[Start of section]

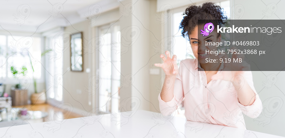 Wide angle of beautiful african american woman with afro hair smiling funny doing claw gesture as cat, aggressive and sexy expression
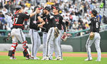 [OSEN=인천, 박준형 기자] LG 트윈스가 SSG 랜더스에 극적인 역전승을 거두며 위닝을 확정했다. LG는 21일 인천 SSG랜더스필드에서 열린 SSG와 더블헤더 1차전에서 10-8로 역전 승리를 거뒀다. 경기종료 후 LG 선수들이 승리의 기쁨을
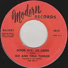 "Good Bye, So Long" was released as a single on Modern Records in May 1965. It reached No. 31 on Billboard's R&B Singles chart and No. 108 on Bubbling Under The Hot 100.[3][4] Tina Turner promoted the record on Shindig! in August 1965.[5] The B-side "Hurt Is All You Gave Me" received a 4 star rating from Billboard.[1] Both songs appeared on the compilation album The Soul of Ike & Tina, released on Kent Record in 1966. After the success of "River Deep – Mountain High" overseas, Stateside Records licensed the record and released it as a single in the UK.[6]
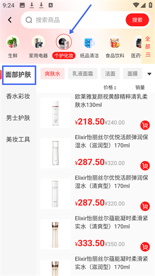 3、個護化妝分類頁,可選生鮮等分類,面部護膚爽膚水子分類下有歐萊雅、怡麗絲爾等品牌護膚品,標注價格和優惠。
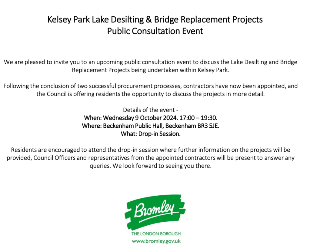 The Council are hosting a consultation event for the Kelsey Park Lake desilting project on Wednesday 9th October between 5pm and 7.30pm at Beckenham Public Halls.
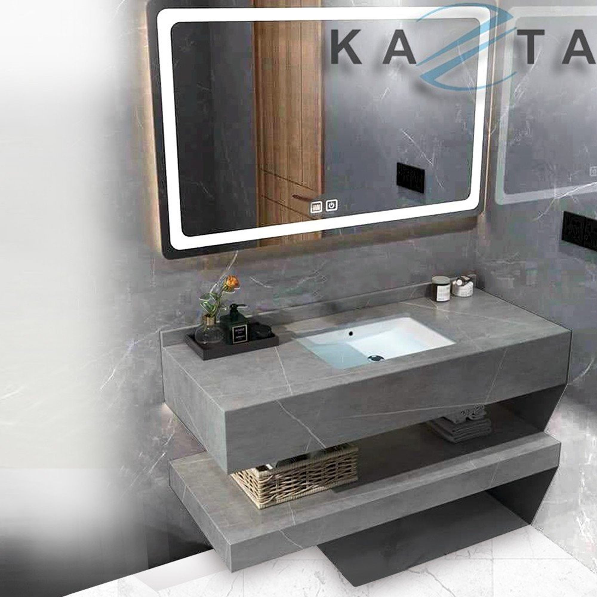Món 4, 5: Bộ lavabo âm và bàn đá 2 tầng treo tường Kazta màu xám
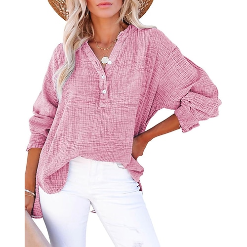 Per donna Blusa 100% cotone Semplice Vintage Elegante Casual Manica Lunga Scollo a V Top Regolari Quotidiano Ferie Uscire Bottoni Blu Bianco Verde chiaro Rosa Cammello Estate Primavera
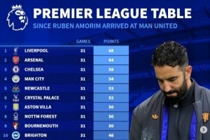 德轉(zhuǎn)列自阿莫林執(zhí)教曼聯(lián)以來各隊(duì)在英超取得的積分情況,阿莫林帶隊(duì)31輪僅取得31分,僅高于上賽季三支英超降級隊(duì),距第1名31輪取得68分的利物浦相差37分。
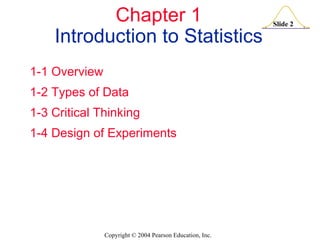 This document summarizes key concepts from an introduction to statistics textbook. It covers types of data (quantitative, qualitative, levels of measurement), sampling (population, sample, randomization), experimental design (observational studies, experiments, controlling variables), and potential misuses of statistics (bad samples, misleading graphs, distorted percentages). The goal is to illustrate how common sense is needed to properly interpret data and statistics.
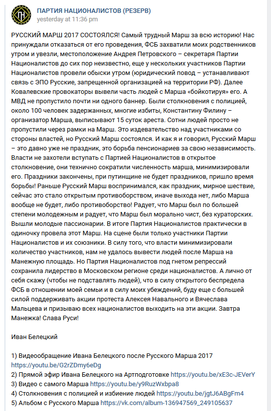 Eilse Vene marsi kohta postitus VK-s
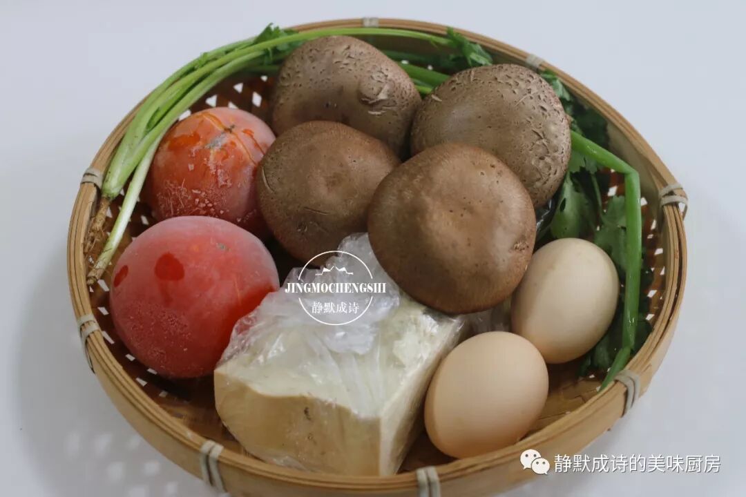 【食材】:西红柿2个、鲜香菇4朵、豆腐1小块儿、鸡蛋1-2个、香菜和香葱各1棵、白胡椒粉半汤匙、陈醋3汤匙、鲜酱油2汤匙、水淀粉适量、油盐适量。

[End of section]

Assigned task =
Only the pictures are to be dropped; all other material above must be repeated exactly.

Your solution =
 Wide angle of beautiful african american woman with afro hair smiling funny doing claw gesture as cat, aggressive and sexy expression
 [OSEN=인천, 박준형 기자] LG 트윈스가 SSG 랜더스에 극적인 역전승을 거두며 위닝을 확정했다. LG는 21일 인천 SSG랜더스필드에서 열린 SSG와 더블헤더 1차전에서 10-8로 역전 승리를 거뒀다. 경기종료 후 LG 선수들이 승리의 기쁨을
 "Good Bye, So Long" was released as a single on Modern Records in May 1965. It reached No. 31 on Billboard's R&B Singles chart and No. 108 on Bubbling Under The Hot 100.[3][4] Tina Turner promoted the record on Shindig! in August 1965.[5] The B-side "Hurt Is All You Gave Me" received a 4 star rating from Billboard.[1] Both songs appeared on the compilation album The Soul of Ike & Tina, released on Kent Record in 1966. After the success of "River Deep – Mountain High" overseas, Stateside Records licensed the record and released it as a single in the UK.[6]
 3、個護化妝分類頁,可選生鮮等分類,面部護膚爽膚水子分類下有歐萊雅、怡麗絲爾等品牌護膚品,標注價格和優惠。
 The Council are hosting a consultation event for the Kelsey Park Lake desilting project on Wednesday 9th October between 5pm and 7.30pm at Beckenham Public Halls.
Món 4, 5: Bộ lavabo âm và bàn đá 2 tầng treo tường Kazta màu xám
 Per donna Blusa 100% cotone Semplice Vintage Elegante Casual Manica Lunga Scollo a V Top Regolari Quotidiano Ferie Uscire Bottoni Blu Bianco Verde chiaro Rosa Cammello Estate Primavera
 德轉(zhuǎn)列自阿莫林執(zhí)教曼聯(lián)以來各隊(duì)在英超取得的積分情況,阿莫林帶隊(duì)31輪僅取得31分,僅高于上賽季三支英超降級隊(duì),距第1名31輪取得68分的利物浦相差37分。
 This document summarizes key concepts from an introduction to statistics textbook. It covers types of data (quantitative, qualitative, levels of measurement), sampling (population, sample, randomization), experimental design (observational studies, experiments, controlling variables), and potential misuses of statistics (bad samples, misleading graphs, distorted percentages). The goal is to illustrate how common sense is needed to properly interpret data and statistics.
 Eilse Vene marsi kohta postitus VK-s
 【食材】:西红柿2个、鲜香菇4朵、豆腐1小块儿、鸡蛋1-2个、香菜和香葱各1棵、白胡椒粉半汤匙、陈醋3汤匙、鲜酱油2汤匙、水淀粉适量、油盐适量。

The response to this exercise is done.